DETROIT (AP) _ A recommendation that U.S. Attorney General Edwin Meese III turn down a partial merger of two newspapers drew praise from unions, but Knight-Ridder Inc.’s chairman said the company could be forced to close or sell its Detroit Free Press.

Knight-Ridder Chairman Alvah Chapman Jr. said he hopes Meese will ignore the recommendation issued Wednesday in Washington by U.S. Justice Department Administrative Law Judge Morton Needelman.

Needelman, who held public hearings in Detroit in August, concluded that the Free Press and The Detroit News did not qualify for permission they requested in May 1986 to merge circulation, advertising and other business operations at the newspapers.
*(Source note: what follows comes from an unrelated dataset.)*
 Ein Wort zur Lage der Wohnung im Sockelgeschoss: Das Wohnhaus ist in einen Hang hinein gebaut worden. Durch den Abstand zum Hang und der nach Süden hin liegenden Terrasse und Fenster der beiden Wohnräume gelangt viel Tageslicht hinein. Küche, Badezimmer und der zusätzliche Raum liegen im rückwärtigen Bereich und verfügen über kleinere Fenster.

The papers wanted to maintain separate news and editorial departments.

Employee unions at the two newspapers Wednesday hailed the recommendation, saying fully independent papers would mean more jobs.
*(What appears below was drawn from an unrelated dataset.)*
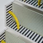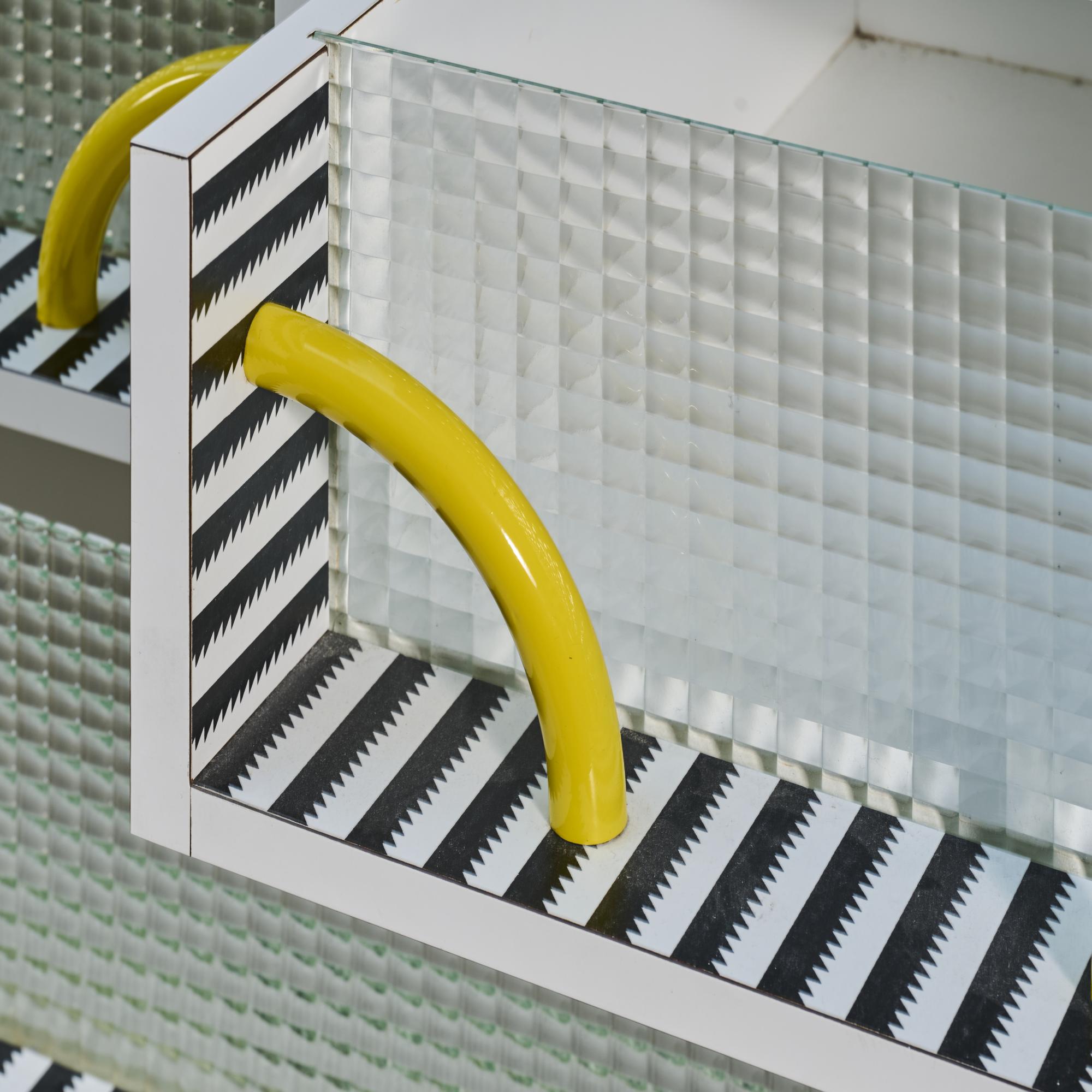 Wooden box construction with laminate, safety glass, and yellow lacquered tubular metal.

Don Kummer, administrative officer for the Newspaper Guild of Detroit, said his group estimates a merger would cost the jobs of about one-third of the approximately 2,500 News employees and 2,100 Free Press employees.

″We hope that this will end an era in Detroit when papers are virtually given away and we will get back into true competition,″ Kummer said at a news conference.

Officials at Gannett Co. Inc., which owns the News, declined comment.

The papers said they lost a combined $142 million from 1981 through the first half of 1987 and that the Free Press was in danger of failing.

But Needelman said Free Press losses weren’t shown to be irreversible, citing among other things an August query to Knight-Ridder about possible sale of the paper ″to the publisher of the Chicago Sun-Times.″

His decision also followed review of briefs from the newspapers, the Justice Department’s antitrust division and challengers including six newspaper employee unions and Detroit Mayor Coleman Young.

All sides have 45 days to respond, but Meese has no deadline for a decision.

Under the Newspaper Preservation Act of 1970, the attorney general can approve a limited antitrust exemption if he finds one paper is in danger of failing and a joint operating agreement would ensure survival of independent editorial voices.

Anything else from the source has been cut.